- REQUIRED ACTION -
In the entries below, begin at the line with "補償内容を確認し、希望するプランを選択します。" and stop after the line with "- Zeitungstitel –"; output those lines exactly and omit the pictures.

Data records
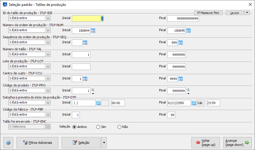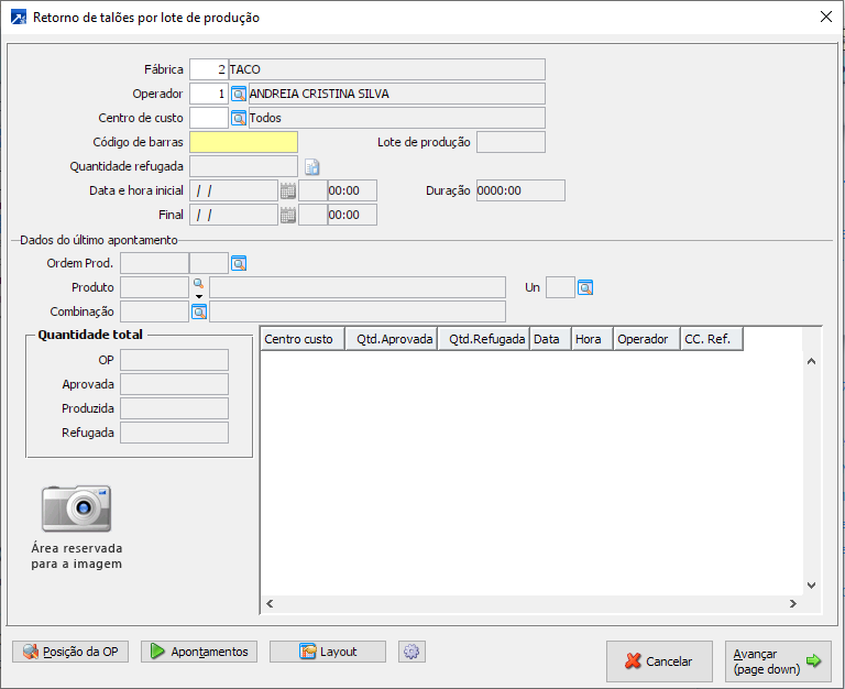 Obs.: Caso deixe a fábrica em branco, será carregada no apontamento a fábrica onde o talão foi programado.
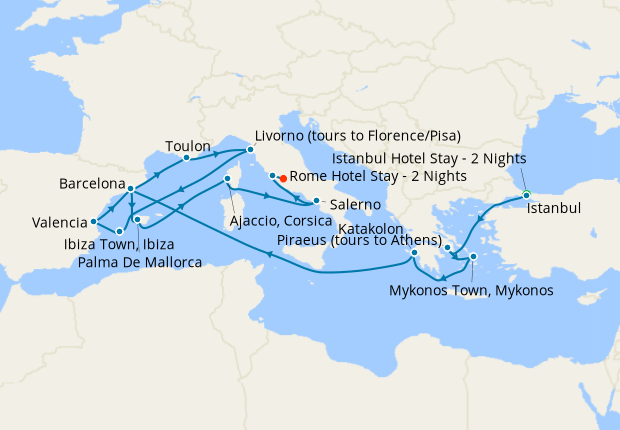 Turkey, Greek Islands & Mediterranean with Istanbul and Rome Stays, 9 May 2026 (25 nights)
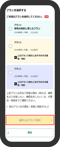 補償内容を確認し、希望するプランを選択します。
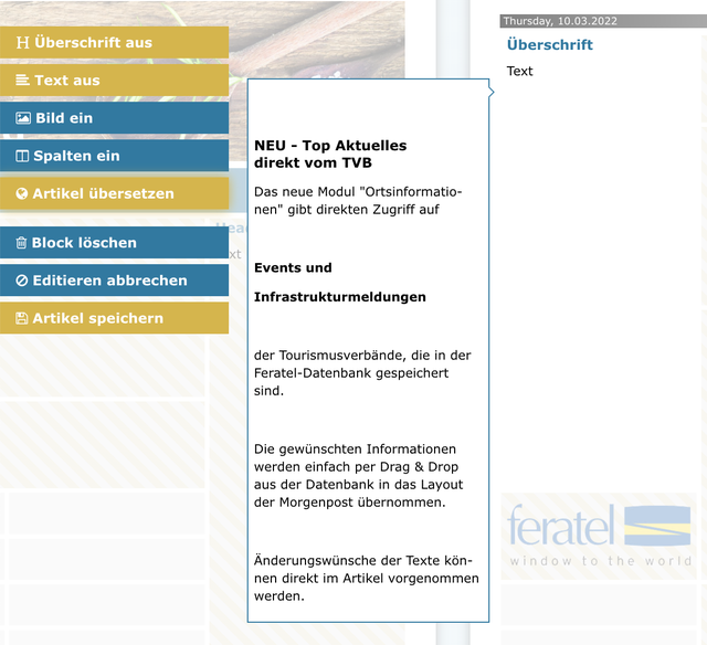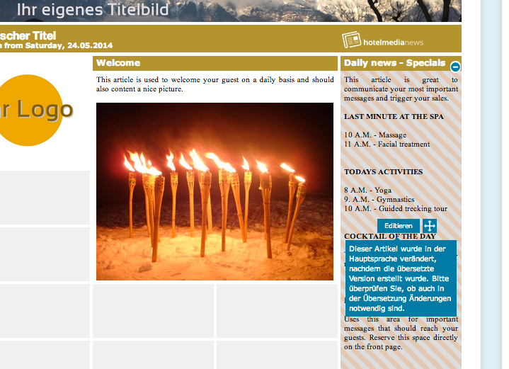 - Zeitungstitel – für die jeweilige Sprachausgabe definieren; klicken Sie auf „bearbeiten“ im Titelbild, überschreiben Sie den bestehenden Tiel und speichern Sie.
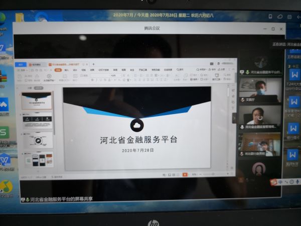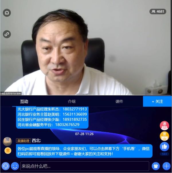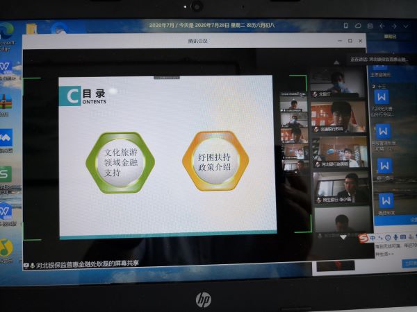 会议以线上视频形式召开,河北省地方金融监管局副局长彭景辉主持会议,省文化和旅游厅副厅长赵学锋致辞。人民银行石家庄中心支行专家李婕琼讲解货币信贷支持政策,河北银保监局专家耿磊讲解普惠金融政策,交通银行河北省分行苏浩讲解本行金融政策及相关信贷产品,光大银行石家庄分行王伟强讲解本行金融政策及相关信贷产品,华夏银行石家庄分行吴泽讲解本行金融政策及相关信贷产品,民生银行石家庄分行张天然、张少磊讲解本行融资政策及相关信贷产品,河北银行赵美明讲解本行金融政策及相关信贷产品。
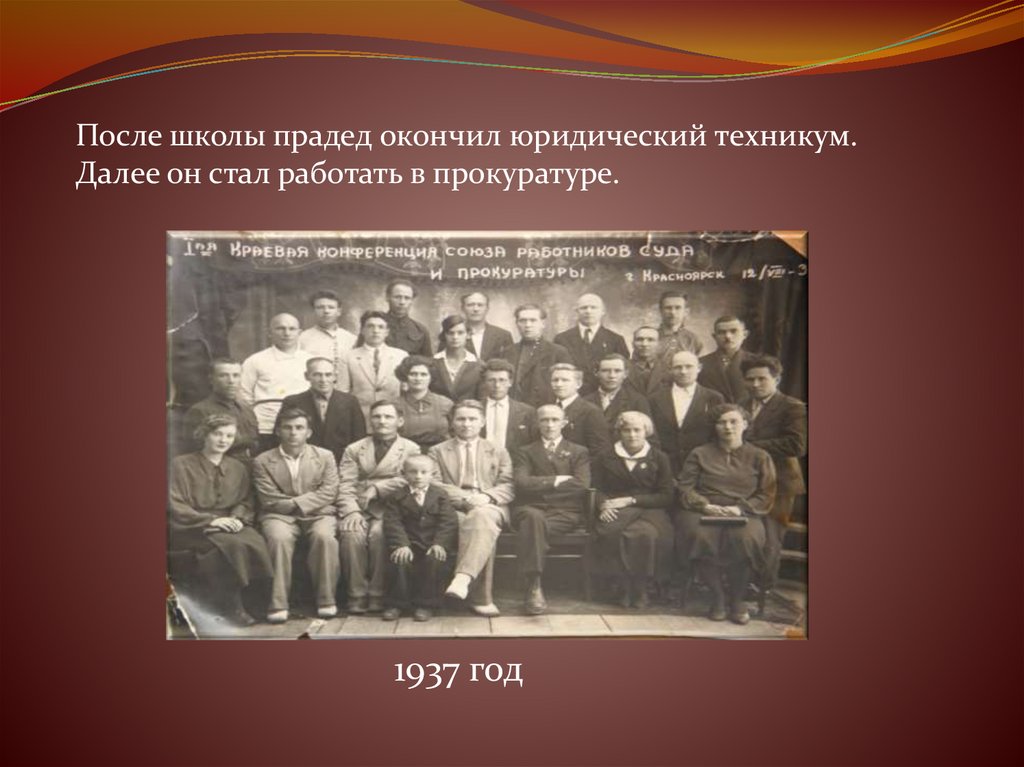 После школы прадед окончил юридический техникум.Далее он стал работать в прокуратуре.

- ANSWER BELOW -
 補償内容を確認し、希望するプランを選択します。
 - Zeitungstitel – für die jeweilige Sprachausgabe definieren; klicken Sie auf „bearbeiten“ im Titelbild, überschreiben Sie den bestehenden Tiel und speichern Sie.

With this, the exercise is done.